Hello helpful list,
I am using R-2.12.1 for Windows (32/64 bit); lme4_0.999375-37
I am attempting to run a generalized mixed model with proportion data using
lme4.
My prediction is simple: Exclosure trees (from which insectivores were
excluded) have higher % leaf area chewed than control trees (to which
insectivores had access).
The design is a randomized block, repeated measures design in which I have
56 trees, grouped in 28 pairs. The pairs are blocks and trees within pairs
were matched according to height, overall form, distance to water etc.. The
trees in pairs were assigned randomly as one of two treatments: an exclosure
tree in which monofilament netting was placed around the tree in order to
exclude vertebrate predators (birds and bats), and control tree. Thus,
there are 28 exclosure trees, and 28 control trees. Among other measurements
which do not pertain to this question, I measured herbivory on all trees by
randomly selecting 50 leaves from each tree (49 for one tree, n=2799). For
each of 50 leaves, I counted the total number of dots (with a plastic grid)
that encompassed the outline of the leaf (total) and the number of dots that
encompassed the area chewed by herbivores (chew). The response variable in a
glm without repeated measures would be mean % leaf area removed
(chew/total).
My first step was to try a repeated measures ANOVA with %leaf area chewed as
the response variable, and a glm with collapsed data (response = mean of
repeated measures per tree). Residuals (with data either not-transformed or
arcsin(sqrt) transformed) are decidedly not normal with either approach and
residuals increase with increasing fitted values. There are many 0’s.
I would like to maintain the repeated measures structure (instead of
collapsing all data into a mean % leaf area chewed per tree), and so have
ventured into lmer.
My leafchew dataset:
'data.frame': 2799 obs. of 6 variables:
$ pair : Factor w/ 28 levels "LEEV01","LEEV03",..: 1 1 1 1 1 1 1 1 1 1
...
$ treatment: Factor w/ 2 levels "CONT","EXCL": 1 1 1 1 1 1 1 1 1 1 ...

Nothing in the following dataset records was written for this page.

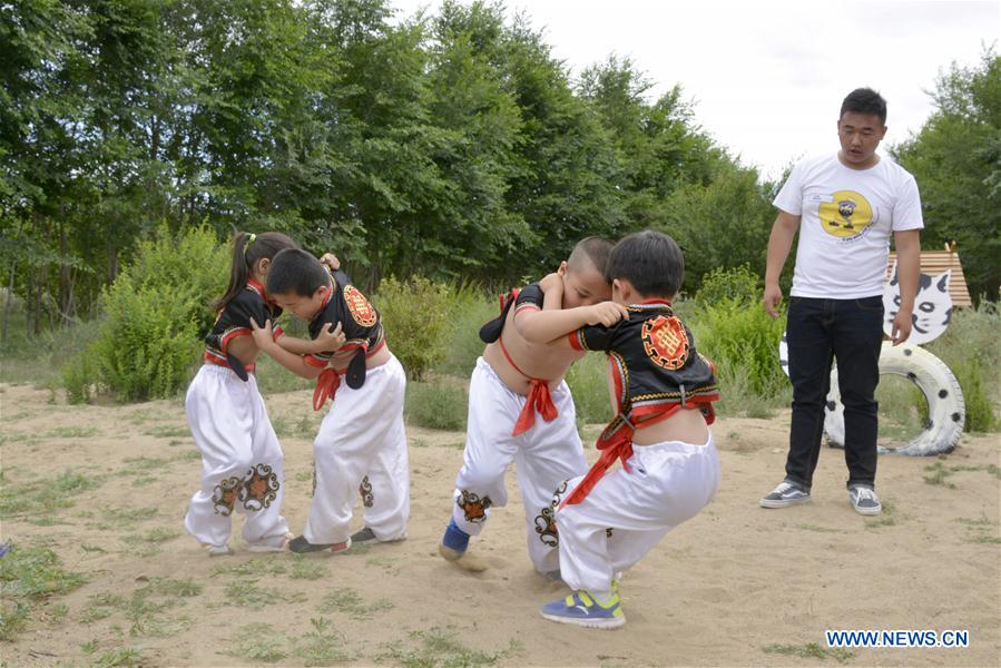 | Kids practice wrestling at a kindergarten of Urad Middle Banner in Bayan Nur City, north China's Inner Mongolia Autonomous Region, June 30, 2016. Courses of Matouqin, wrestling, archery and Mongolian dancing were set up in kindergartens and primary schools of Urad Middle Banner. (Xinhua/Zhi Maosheng) |
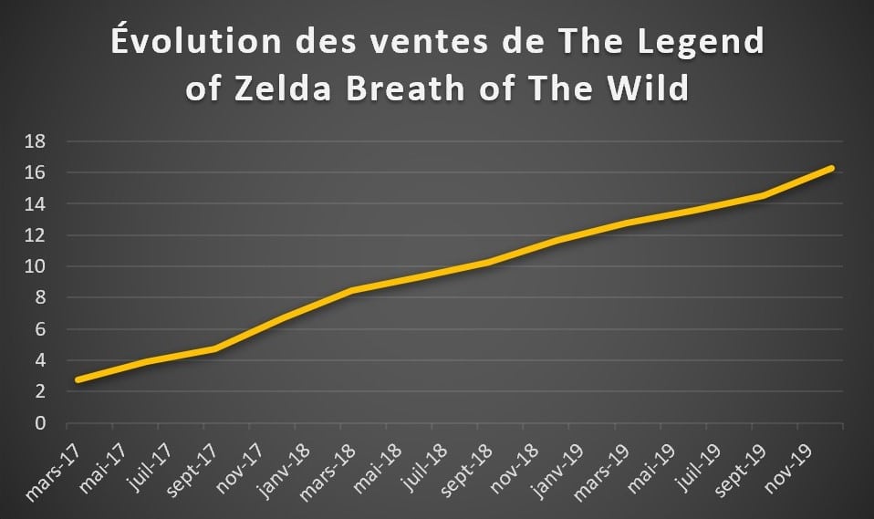 - The Legend of Zelda: Breath of the Wild continue de bien se vendre à l’aube de son troisième anniversaire. Les fêtes de fin d’année on permis au titre de Nintendo de se vendre à presque 2 millions d’exemplaires pour un total de 16.34 millions ; il s’agit encore une fois du jeu le plus vendu de sa franchise.
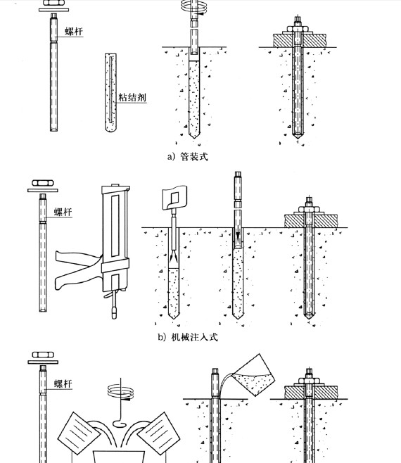 Q345 鋼螺桿。鋼筋的強度指標按現(xiàn)行國家標準《混凝土結(jié)構(gòu)設計規(guī)范》GB50010規(guī)定采用。 3.2.5 錨栓彈性模量可取 Es=2.0×105MPa。 3.3 錨固膠 3.3.1 化學植筋所用錨固膠的錨固性能應通過專門的試驗確定。對獲準使用的錨固膠,除說明書規(guī)定可以摻入定量的摻和劑(填料)外,現(xiàn)場施工中不宜隨意增添摻料。 3.3.2 錨固膠按使用形態(tài)的不同分為管裝式、機械注入式和現(xiàn)場配制式(圖 3.3.2),應根據(jù)使用對象的特征和現(xiàn)場條件合理選用。 3.3.3 環(huán)氧基錨固膠的性能指標應滿足表3.3.3 的要求。
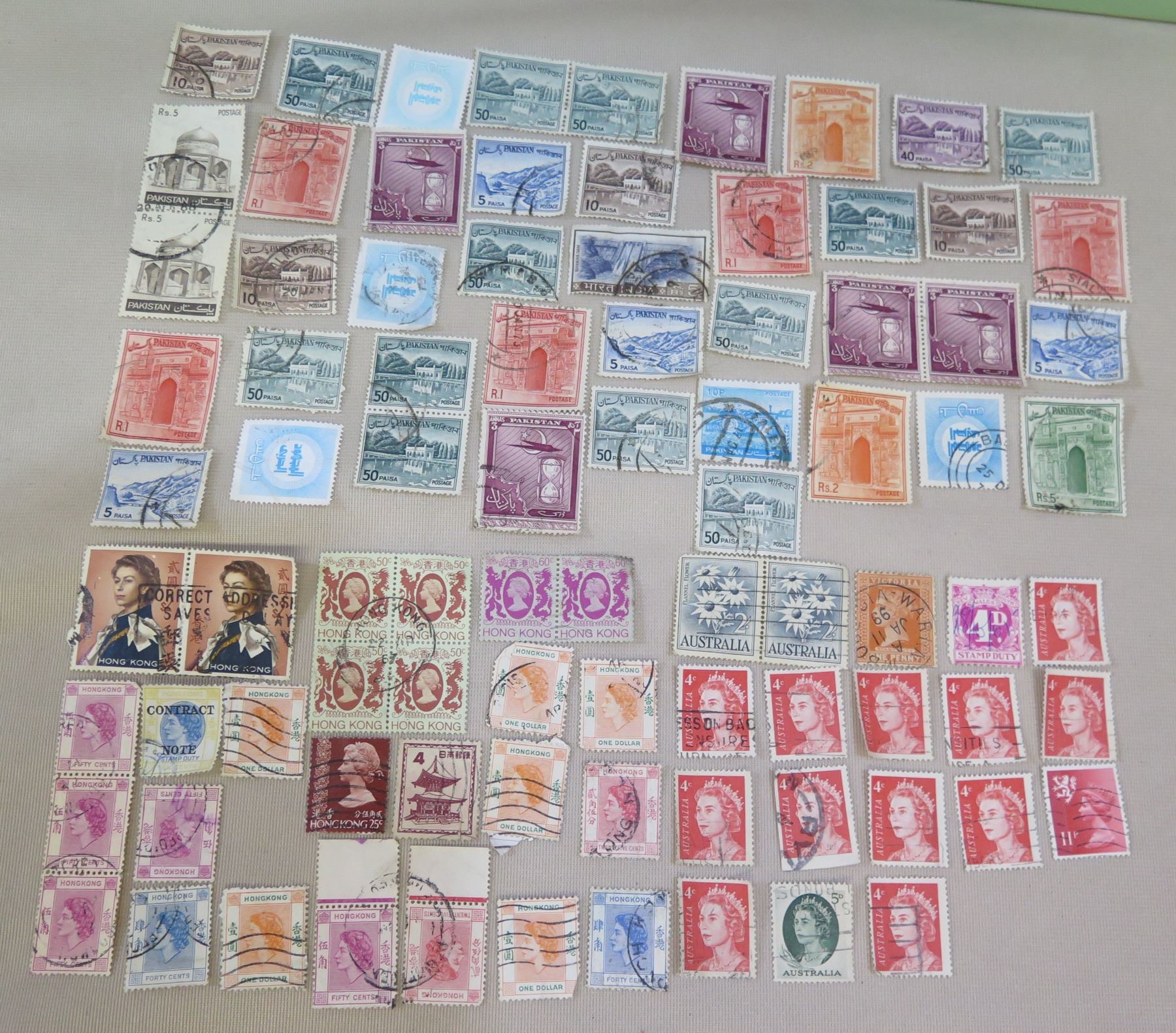 Qty Approx. 80+ Stamps: Pakistan, Hong Kong, Australia
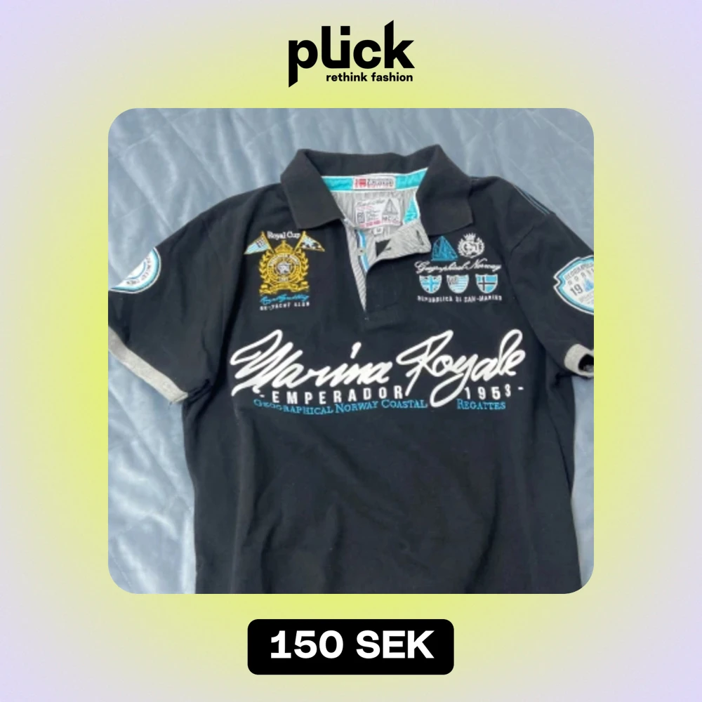 En svart pikétröja från Geographical Norway med broderade detaljer och text på både fram- och baksidan. Tröjan har korta ärmar med gråa kanter och en krage med turkos insida.
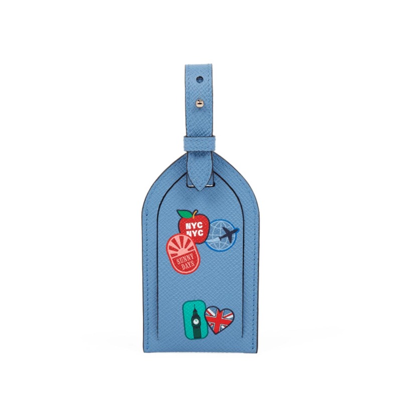 Ετικέτα αποσκευής από τον οίκο Smythson σε γαλάζιο χρώμα με διακοσμητικά μοτίβα αυτοκόλλητων. Αυτή η ετικέτα αποσκευών είναι η ιδανική επιλογή για να προσθέσετε μια πινελιά πολυτέλειας και στυλ στις ταξιδιωτικές σας εμπειρίες.
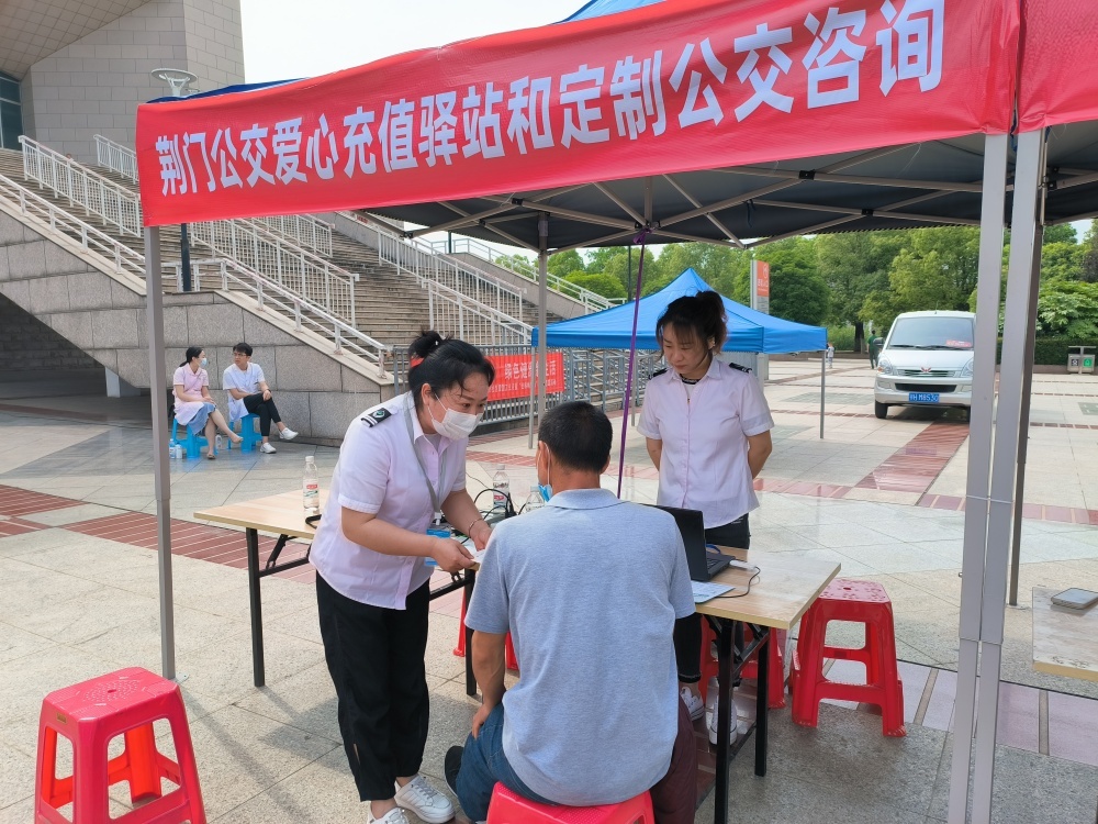 5月20日,荊門市殘疾人聯(lián)合會(huì)在荊門體育文化中心舉辦殘疾人專場(chǎng)招聘會(huì)。市公交集團(tuán)營業(yè)中心組織工作人員在活動(dòng)現(xiàn)場(chǎng)設(shè)立臨時(shí)愛心充值驛站,為前來參加活動(dòng)的殘疾朋友和其它市民朋友分別提供愛心卡咨詢、信息登記、年審、掛失和公交IC卡新辦、充值、年審、掛失等服務(wù),同時(shí),積極宣傳推廣荊門公交微信公眾號(hào),方便市民查詢公交咨詢,體驗(yàn)實(shí)時(shí)公交,讓市民告別等車焦慮,從容出行。

$ treeid : Factor w/ 56 levels "LEEV01CONT","LEEV01EXCL",..: 1 1 1 1 1 1
1 1 1 1 ...
$ leafid : Factor w/ 2799 levels "LEEV01CONT01",..: 1 2 3 4 5 6 7 8 9 10
...
$ newchew : num 0 0 0 0 0 0 0 2.5 2 0 ...
$ newtotal : num 18.5 6.5 13.5 14 6 4 18 40 11 14.5 ...
I am following an example provided on page 590 of Michael Crawley’s (The R
Book), though I realize that lmer has been updated since the book was
written so features like quasibinomial, estimated scale, etc. are no longer
available or considered “good” approaches.
I created a two-column response matrix:
##use ceiling because I counted borderline dots as 0.5 and integers are
required
chewdots<-ceiling(leafchew$newchew
##chewed
leafdots<-ceiling(leafchew$newtotal-damage$newchew)
##not chewed
y<-cbind(chewdots,leafdots)
And suggested the following model:
mod1<-glmer(y~pair + treatment + (1|treeid), binomial(link = logit), data =
damage)
Question 1:
I’ve read much of Piniero and Bates, Bates' lme4 draft book, Zuur et al.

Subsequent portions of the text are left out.